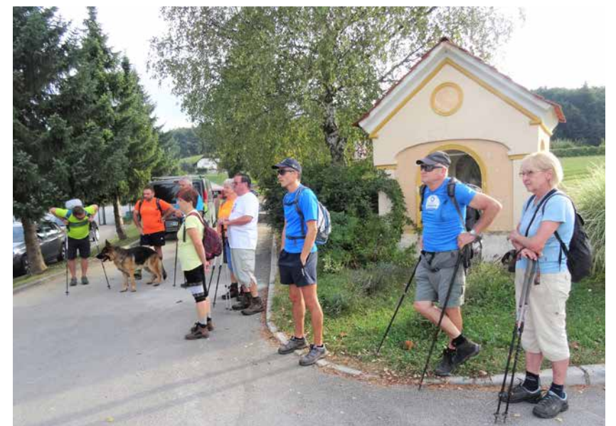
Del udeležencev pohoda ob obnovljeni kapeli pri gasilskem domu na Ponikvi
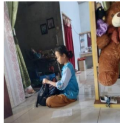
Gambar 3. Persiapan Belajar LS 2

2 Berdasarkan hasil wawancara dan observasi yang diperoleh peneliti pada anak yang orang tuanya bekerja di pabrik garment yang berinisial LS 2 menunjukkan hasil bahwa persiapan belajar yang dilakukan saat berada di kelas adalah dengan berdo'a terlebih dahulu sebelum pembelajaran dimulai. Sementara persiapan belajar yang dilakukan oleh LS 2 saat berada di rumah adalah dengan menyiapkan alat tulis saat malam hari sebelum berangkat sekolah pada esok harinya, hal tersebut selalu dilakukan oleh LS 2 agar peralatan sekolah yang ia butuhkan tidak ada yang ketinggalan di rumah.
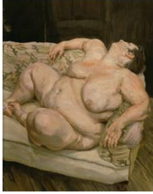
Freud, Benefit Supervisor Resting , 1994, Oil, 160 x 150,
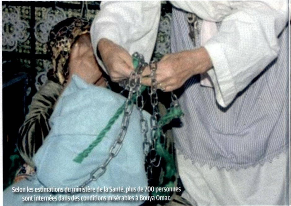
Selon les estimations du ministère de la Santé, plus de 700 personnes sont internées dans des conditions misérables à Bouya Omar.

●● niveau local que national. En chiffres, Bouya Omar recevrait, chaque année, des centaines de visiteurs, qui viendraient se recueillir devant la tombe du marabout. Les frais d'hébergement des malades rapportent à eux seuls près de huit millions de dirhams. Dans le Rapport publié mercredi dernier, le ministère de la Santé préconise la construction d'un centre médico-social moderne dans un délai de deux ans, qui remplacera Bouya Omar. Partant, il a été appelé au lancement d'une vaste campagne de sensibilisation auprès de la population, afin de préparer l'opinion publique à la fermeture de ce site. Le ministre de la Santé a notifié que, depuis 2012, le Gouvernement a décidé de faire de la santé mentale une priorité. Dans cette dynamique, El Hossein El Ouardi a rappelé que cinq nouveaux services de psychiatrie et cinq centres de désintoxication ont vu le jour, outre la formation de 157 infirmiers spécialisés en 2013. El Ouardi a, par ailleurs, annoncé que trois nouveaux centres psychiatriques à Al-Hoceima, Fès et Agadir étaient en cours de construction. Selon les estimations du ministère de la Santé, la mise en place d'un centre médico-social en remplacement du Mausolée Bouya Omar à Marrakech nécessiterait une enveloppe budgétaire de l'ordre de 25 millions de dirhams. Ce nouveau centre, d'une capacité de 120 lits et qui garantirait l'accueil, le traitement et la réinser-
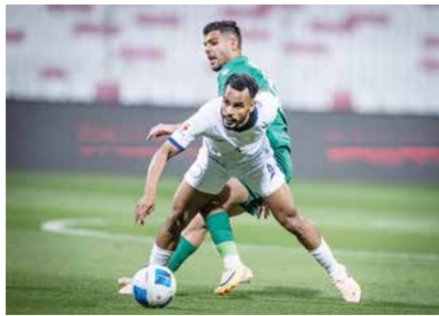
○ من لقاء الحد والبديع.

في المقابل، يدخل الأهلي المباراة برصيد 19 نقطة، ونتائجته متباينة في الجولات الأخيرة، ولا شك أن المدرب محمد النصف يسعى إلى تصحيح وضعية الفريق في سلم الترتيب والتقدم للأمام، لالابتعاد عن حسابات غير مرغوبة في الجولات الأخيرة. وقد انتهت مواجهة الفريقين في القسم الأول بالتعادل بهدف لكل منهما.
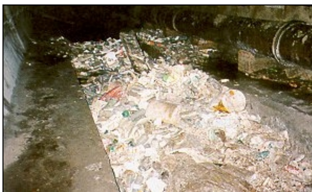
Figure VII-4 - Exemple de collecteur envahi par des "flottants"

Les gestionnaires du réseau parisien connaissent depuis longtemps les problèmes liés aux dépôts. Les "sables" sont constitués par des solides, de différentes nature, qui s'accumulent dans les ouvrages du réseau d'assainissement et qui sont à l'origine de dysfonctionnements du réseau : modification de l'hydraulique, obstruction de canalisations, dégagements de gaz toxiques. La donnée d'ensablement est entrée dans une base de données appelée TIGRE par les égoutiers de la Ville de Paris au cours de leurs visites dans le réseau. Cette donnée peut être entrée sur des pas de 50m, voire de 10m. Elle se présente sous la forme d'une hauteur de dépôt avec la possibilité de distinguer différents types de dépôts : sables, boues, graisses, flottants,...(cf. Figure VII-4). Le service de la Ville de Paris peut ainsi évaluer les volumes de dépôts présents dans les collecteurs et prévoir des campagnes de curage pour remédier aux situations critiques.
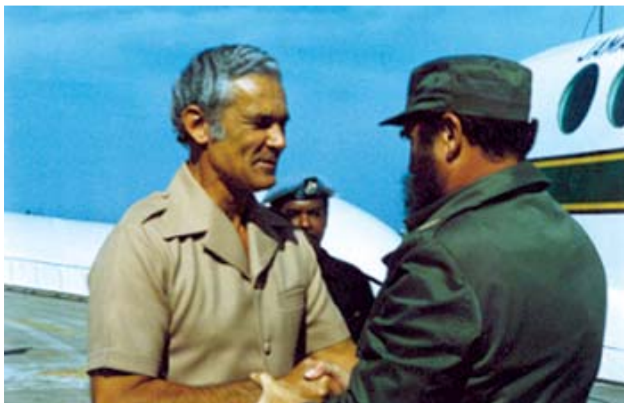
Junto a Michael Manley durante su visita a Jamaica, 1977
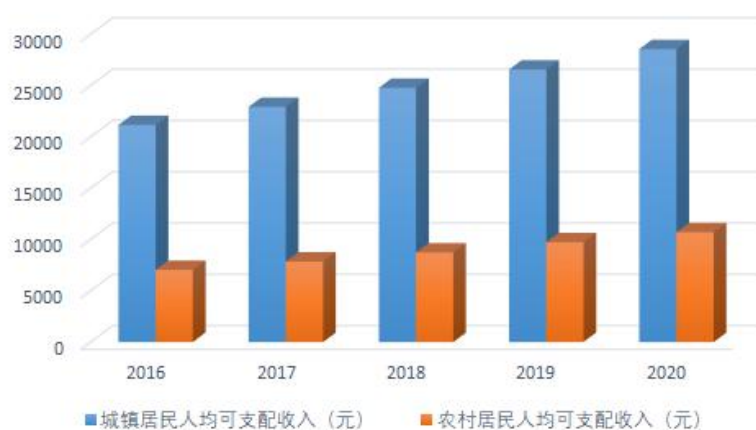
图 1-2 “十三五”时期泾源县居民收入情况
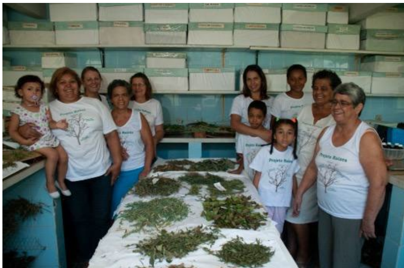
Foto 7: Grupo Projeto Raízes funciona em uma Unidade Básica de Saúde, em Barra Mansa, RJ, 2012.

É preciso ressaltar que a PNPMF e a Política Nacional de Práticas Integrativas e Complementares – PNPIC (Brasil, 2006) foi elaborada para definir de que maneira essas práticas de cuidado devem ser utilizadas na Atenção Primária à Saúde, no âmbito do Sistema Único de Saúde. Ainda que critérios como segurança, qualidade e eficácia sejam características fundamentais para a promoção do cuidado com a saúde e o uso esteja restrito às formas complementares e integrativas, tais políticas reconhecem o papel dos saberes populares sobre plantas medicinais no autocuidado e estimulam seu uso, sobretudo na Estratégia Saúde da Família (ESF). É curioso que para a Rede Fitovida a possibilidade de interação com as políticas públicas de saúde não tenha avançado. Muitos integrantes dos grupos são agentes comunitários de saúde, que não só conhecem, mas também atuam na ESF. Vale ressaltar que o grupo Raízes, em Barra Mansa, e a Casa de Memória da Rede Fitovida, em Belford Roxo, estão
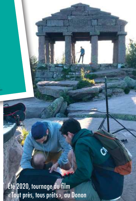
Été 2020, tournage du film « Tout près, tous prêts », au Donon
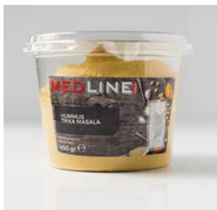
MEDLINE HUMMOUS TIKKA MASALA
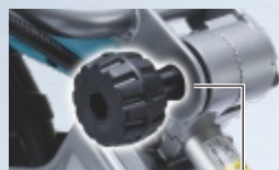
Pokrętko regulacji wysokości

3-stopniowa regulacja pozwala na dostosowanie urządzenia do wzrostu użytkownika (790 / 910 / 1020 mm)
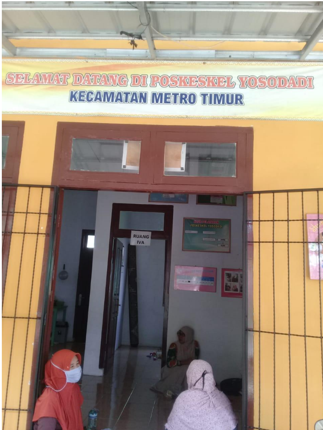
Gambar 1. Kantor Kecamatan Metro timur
* * *
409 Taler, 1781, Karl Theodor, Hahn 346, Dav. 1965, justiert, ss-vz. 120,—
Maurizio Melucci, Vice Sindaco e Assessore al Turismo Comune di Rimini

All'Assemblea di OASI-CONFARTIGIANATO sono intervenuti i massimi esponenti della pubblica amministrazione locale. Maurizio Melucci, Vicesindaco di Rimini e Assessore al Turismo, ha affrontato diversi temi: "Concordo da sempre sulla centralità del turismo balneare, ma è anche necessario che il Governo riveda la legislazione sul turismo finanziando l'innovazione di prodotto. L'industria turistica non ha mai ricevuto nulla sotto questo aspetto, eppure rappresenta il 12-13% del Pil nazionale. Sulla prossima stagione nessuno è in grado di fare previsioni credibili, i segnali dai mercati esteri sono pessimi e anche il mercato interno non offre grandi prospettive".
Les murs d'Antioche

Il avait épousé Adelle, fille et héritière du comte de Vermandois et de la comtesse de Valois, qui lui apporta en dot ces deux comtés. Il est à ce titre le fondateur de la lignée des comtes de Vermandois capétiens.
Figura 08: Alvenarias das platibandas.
--
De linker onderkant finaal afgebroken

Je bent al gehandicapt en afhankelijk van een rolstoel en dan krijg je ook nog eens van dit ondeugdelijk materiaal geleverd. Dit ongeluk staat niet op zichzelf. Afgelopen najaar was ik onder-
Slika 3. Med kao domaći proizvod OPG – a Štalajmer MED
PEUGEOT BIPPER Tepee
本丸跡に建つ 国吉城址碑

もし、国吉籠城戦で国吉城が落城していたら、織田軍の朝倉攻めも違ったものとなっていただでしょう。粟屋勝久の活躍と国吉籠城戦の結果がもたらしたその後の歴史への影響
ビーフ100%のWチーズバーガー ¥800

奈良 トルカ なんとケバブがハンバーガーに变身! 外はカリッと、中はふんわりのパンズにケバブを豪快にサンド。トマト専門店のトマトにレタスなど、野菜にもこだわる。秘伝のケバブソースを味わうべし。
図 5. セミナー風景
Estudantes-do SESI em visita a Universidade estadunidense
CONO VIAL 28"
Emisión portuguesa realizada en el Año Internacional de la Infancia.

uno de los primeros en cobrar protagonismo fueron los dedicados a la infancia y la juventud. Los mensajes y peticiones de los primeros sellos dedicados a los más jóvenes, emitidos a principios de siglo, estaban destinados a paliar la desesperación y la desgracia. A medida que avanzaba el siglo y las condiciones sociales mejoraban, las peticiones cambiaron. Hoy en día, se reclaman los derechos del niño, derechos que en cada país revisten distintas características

Action item:
Looking above, find the stretch of lines that opens with the one holding "Del udeležencev pohoda" and closes with the one holding "Gambar 3. Persiapan Belajar LS 2". Copy it exactly, pictures excluded.

Exercise response:
Del udeležencev pohoda ob obnovljeni kapeli pri gasilskem domu na Ponikvi
Gambar 3. Persiapan Belajar LS 2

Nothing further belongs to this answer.